Slow Cooker Corn and Potato Chowder

This corn and potato chowder is a cozy, hands-off meal that practically cooks itself. Using frozen diced hash browns eliminates peeling and chopping while giving the potatoes a consistent, tender texture. As it simmers, the potato starch naturally thickens the broth, creating a creamy, rich base that tastes indulgent despite its simple ingredients.


Ingredients

  • 3 cups frozen diced hash brown potatoes (about ½ bag)
  • 2 (15 oz) cans corn, drained
  • 4 cups chicken or vegetable broth
  • 1 (10½ oz) can condensed cream of chicken or celery soup
  • 1 cup shredded cheddar cheese

Instructions

Step 1: Prepare the Base
Place the frozen hash browns and drained corn in the slow cooker, spreading them evenly.

Step 2: Add Liquids
Pour in the broth and condensed soup, stirring gently to combine everything.

Step 3: Slow Cook
Cover and cook on Low for 6–8 hours or High for 3–4 hours. The chowder is done when the potatoes are tender and the liquid has thickened into a creamy consistency.

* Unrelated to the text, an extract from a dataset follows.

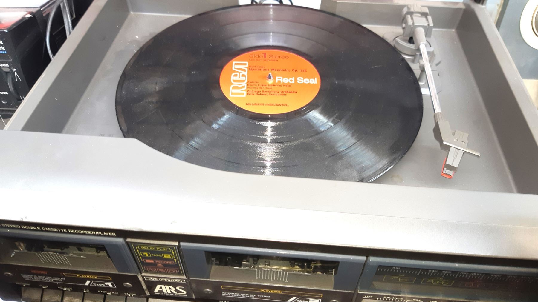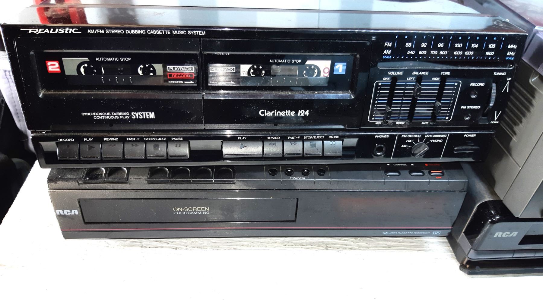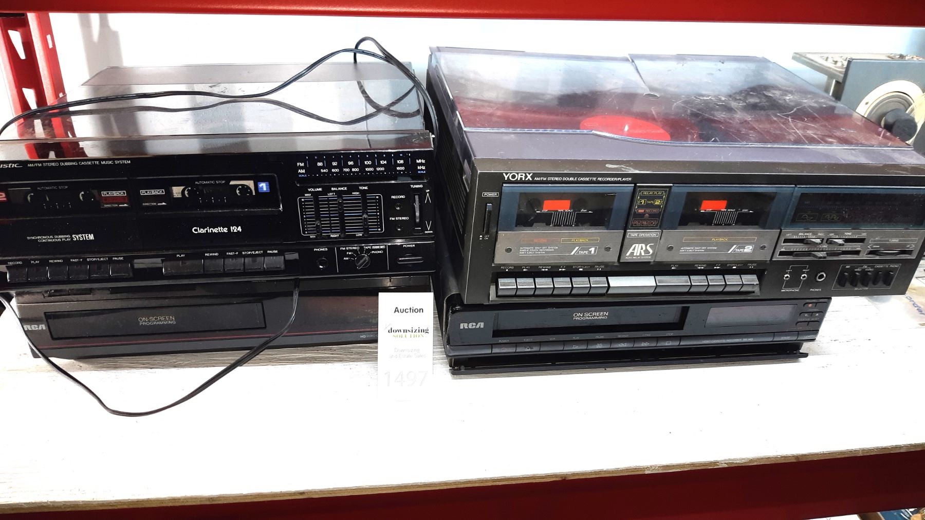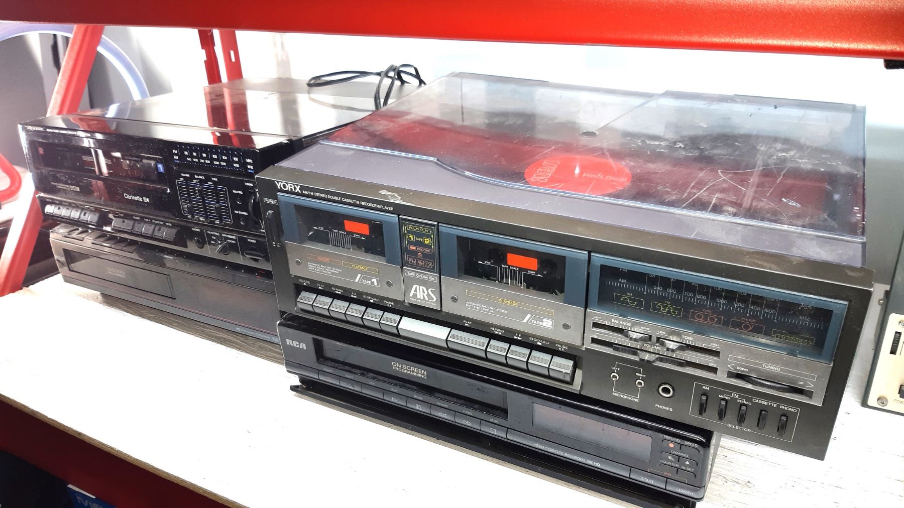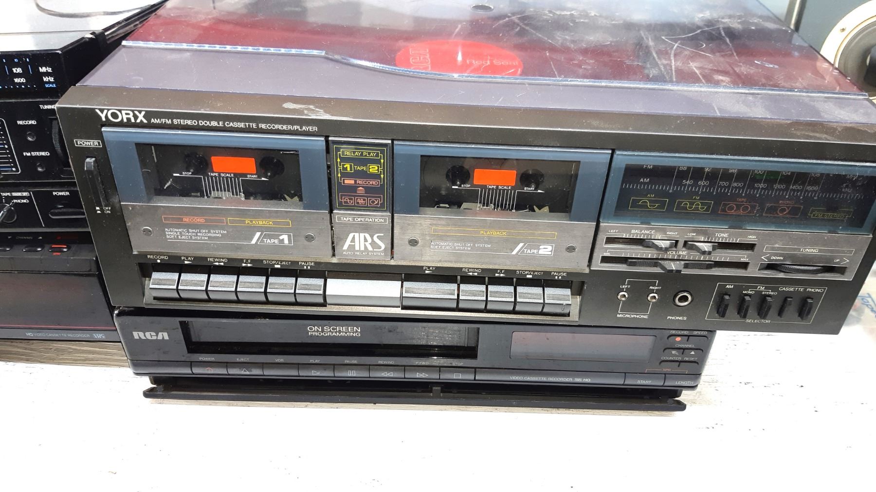 Realistic dual tape deck, RCA video player, York Turntable with dual tape players, RCA Player. Untested pickup at 10 am

Step 4: Incorporate the Cheese
About 15 minutes before serving, stir in the shredded cheddar. Cover to allow the cheese to melt completely, then stir until smooth and glossy.

Step 5: Taste and Serve
Adjust seasoning with salt and freshly cracked black pepper as desired. Serve warm in bowls, optionally topped with extra cheese or chopped green onions for garnish.